What this task involves:
The part below that opens with the line containing "Buco Women's Laser" and closes with the line containing "Red Balls on" should be copied exactly, minus any pictures.
--
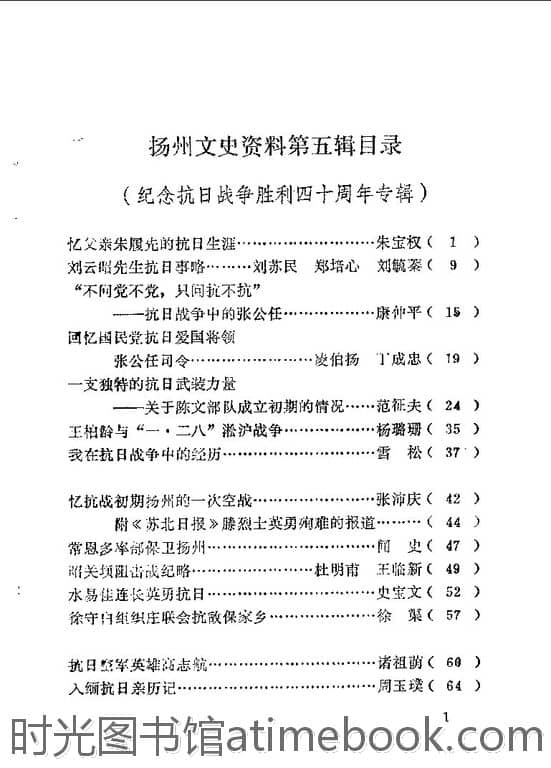 | 网盘路径:/时光图书馆珍藏系列/书籍文件/老图书/《扬州文史资料_第5辑_纪念抗日战争胜利40周年专辑》电子版合集.db | ||
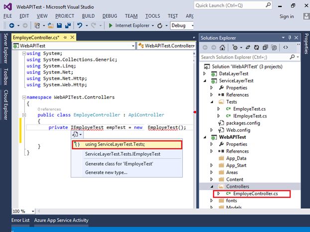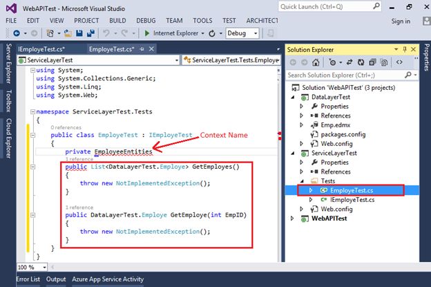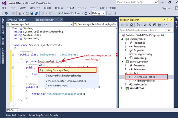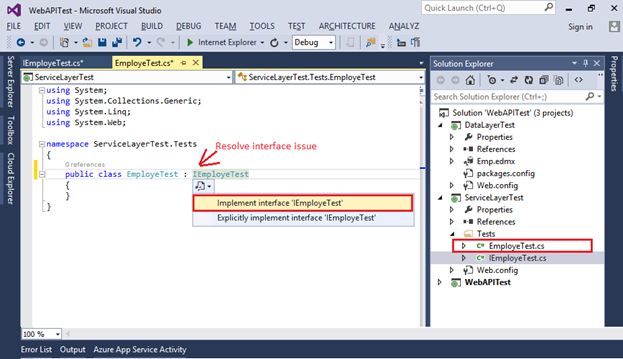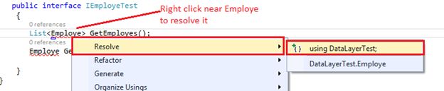 First of all, we need an instance of IEmployeTest interface and click to resolve it to from Service layer.
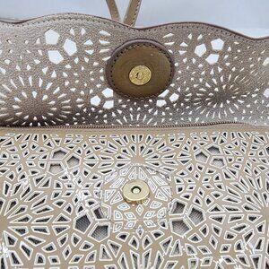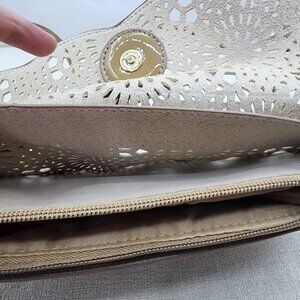 Buco Women's Laser Cut Patent Leather Floral Design Shoulder Bag
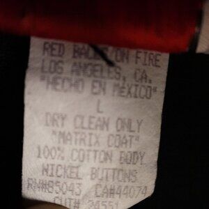 Red Balls on Fire Matrix coat men's large black denim full length vintage Y2K
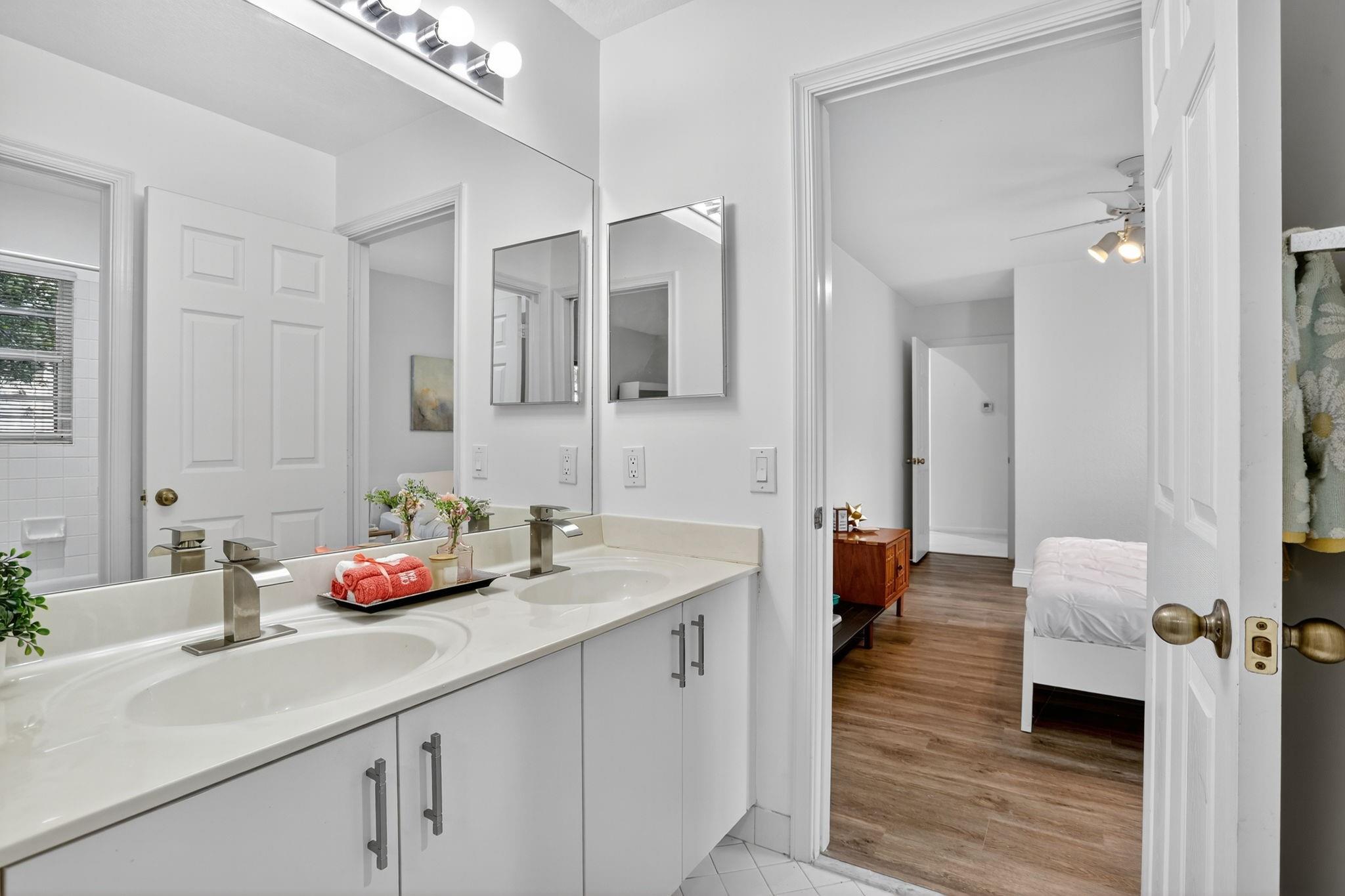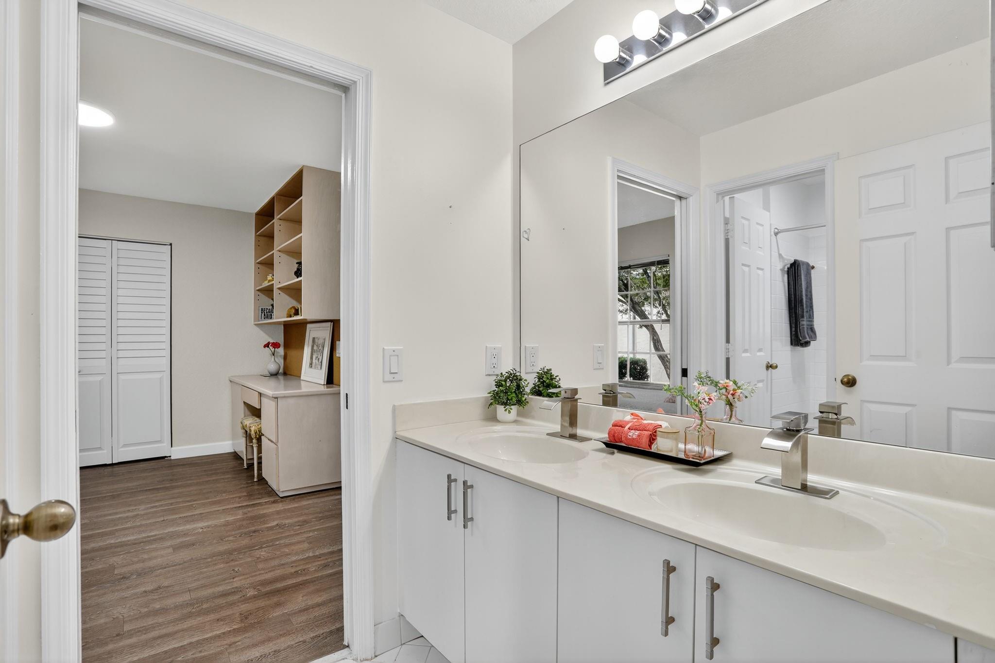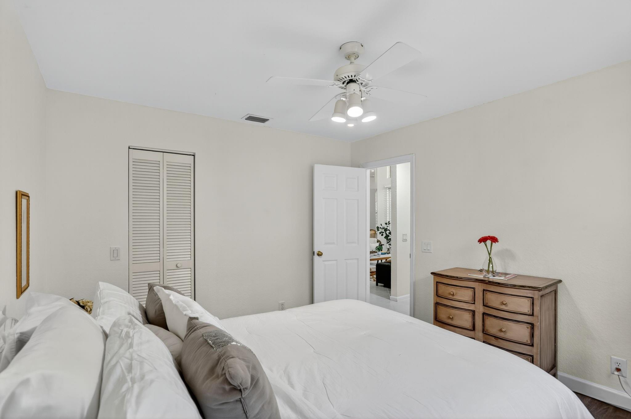 WOW! Lowest price 5BD home in Weston Hills! Shows like a model! Light, bright & airy, beautiful single-story, almost 3000sf/ac, situated on a picturesque tree-lined street. French doors with impact glass open to a crisp, freshly painted interior bathed in warm natural light, with high ceilings, brand-new LED lights & new modern chandeliers (Oct 2025). The expansive 3-split floor plan features a primary suite w/generous sitting room, great as exercise area. The large den with custom built-ins is perfect as home office. White/granite kitchen w/stainless appliances, stone backsplash, new modern hardware. Tile in all liv areas, newer luxury vinyl in bedrooms. Generous covered patio & charming private garden provides a peaceful backyard oasis. Around the corner from the comm park & golf course.
--
Solution to this exercise:
 Buco Women's Laser Cut Patent Leather Floral Design Shoulder Bag
 Red Balls on Fire Matrix coat men's large black denim full length vintage Y2K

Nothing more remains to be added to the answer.